- **Exercise prompt**
After finding the line with "The LEKI Sherpa" in the data below, set down exactly each line through the one with "# Томас Мэлори", inclusive, and stop there.

- **Given data**
==================================================

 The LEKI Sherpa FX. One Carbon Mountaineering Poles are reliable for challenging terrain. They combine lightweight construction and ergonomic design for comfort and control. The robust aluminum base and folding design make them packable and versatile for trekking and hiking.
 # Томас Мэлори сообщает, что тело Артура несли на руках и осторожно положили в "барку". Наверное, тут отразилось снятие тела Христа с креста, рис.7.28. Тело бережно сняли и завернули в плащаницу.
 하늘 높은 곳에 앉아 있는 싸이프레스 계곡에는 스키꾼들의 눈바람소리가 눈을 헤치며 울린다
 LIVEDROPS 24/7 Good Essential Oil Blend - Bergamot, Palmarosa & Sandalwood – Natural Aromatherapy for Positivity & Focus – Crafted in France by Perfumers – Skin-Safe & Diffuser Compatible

==================================================

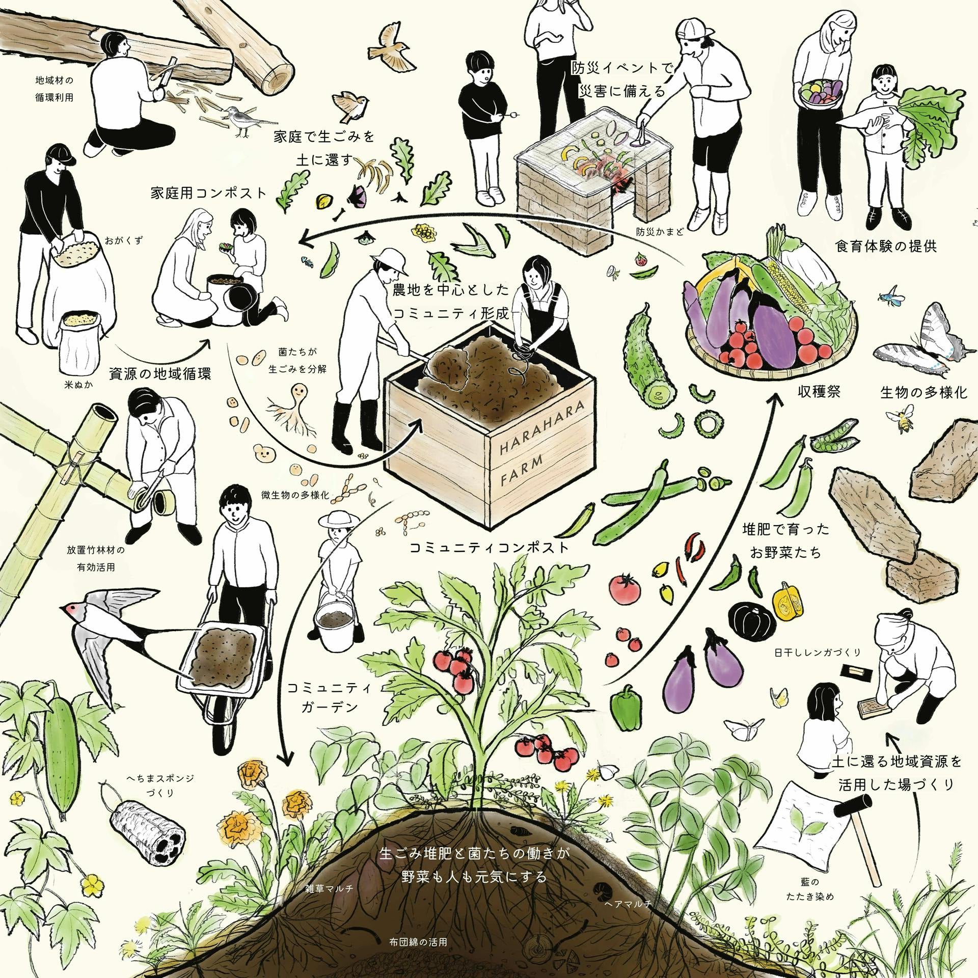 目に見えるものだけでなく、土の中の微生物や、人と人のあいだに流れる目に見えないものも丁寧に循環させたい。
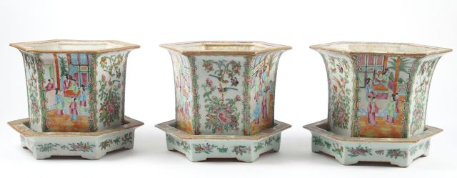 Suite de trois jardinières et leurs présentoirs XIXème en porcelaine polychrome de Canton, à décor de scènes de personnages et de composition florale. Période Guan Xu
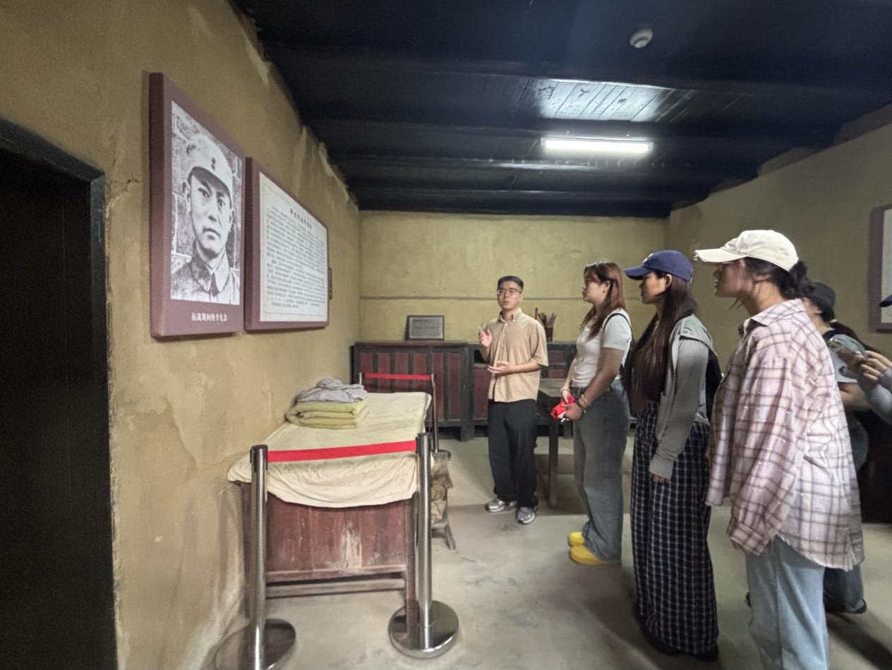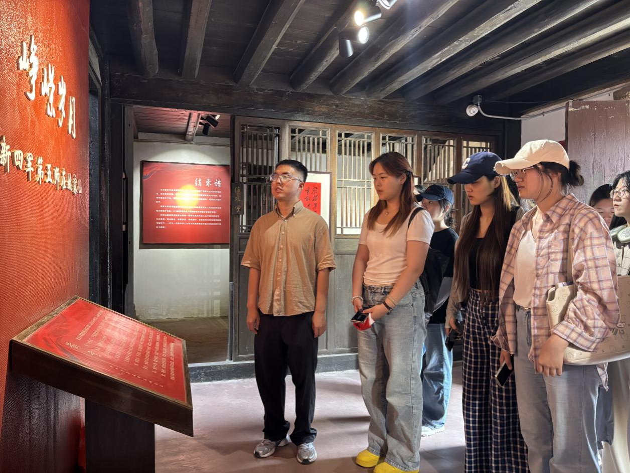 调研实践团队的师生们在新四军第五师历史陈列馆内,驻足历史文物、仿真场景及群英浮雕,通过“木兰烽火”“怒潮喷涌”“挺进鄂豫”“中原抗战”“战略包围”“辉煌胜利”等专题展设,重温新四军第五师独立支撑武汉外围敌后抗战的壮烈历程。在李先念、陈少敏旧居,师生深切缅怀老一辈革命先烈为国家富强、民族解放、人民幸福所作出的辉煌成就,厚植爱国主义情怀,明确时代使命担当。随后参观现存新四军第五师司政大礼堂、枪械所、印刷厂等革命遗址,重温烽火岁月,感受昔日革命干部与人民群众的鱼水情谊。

==================================================

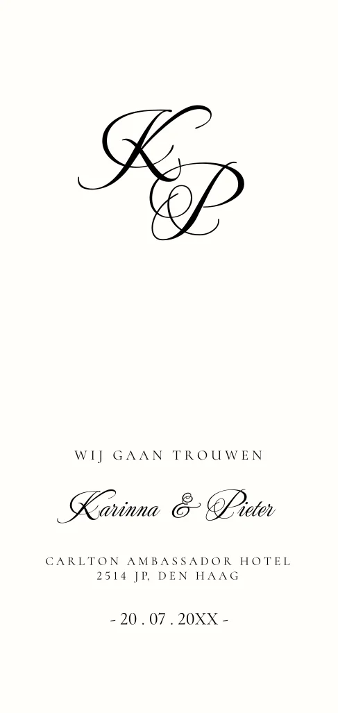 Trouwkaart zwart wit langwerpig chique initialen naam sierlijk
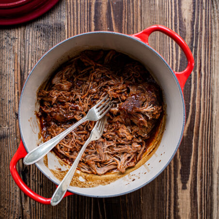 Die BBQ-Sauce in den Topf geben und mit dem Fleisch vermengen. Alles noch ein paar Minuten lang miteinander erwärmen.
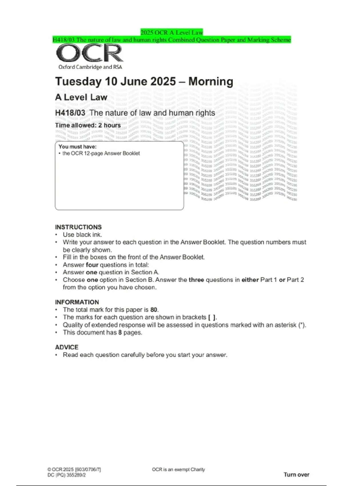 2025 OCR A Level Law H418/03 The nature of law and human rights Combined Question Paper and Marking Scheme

==================================================

- **The answer**
 The LEKI Sherpa FX. One Carbon Mountaineering Poles are reliable for challenging terrain. They combine lightweight construction and ergonomic design for comfort and control. The robust aluminum base and folding design make them packable and versatile for trekking and hiking.
 # Томас Мэлори сообщает, что тело Артура несли на руках и осторожно положили в "барку". Наверное, тут отразилось снятие тела Христа с креста, рис.7.28. Тело бережно сняли и завернули в плащаницу.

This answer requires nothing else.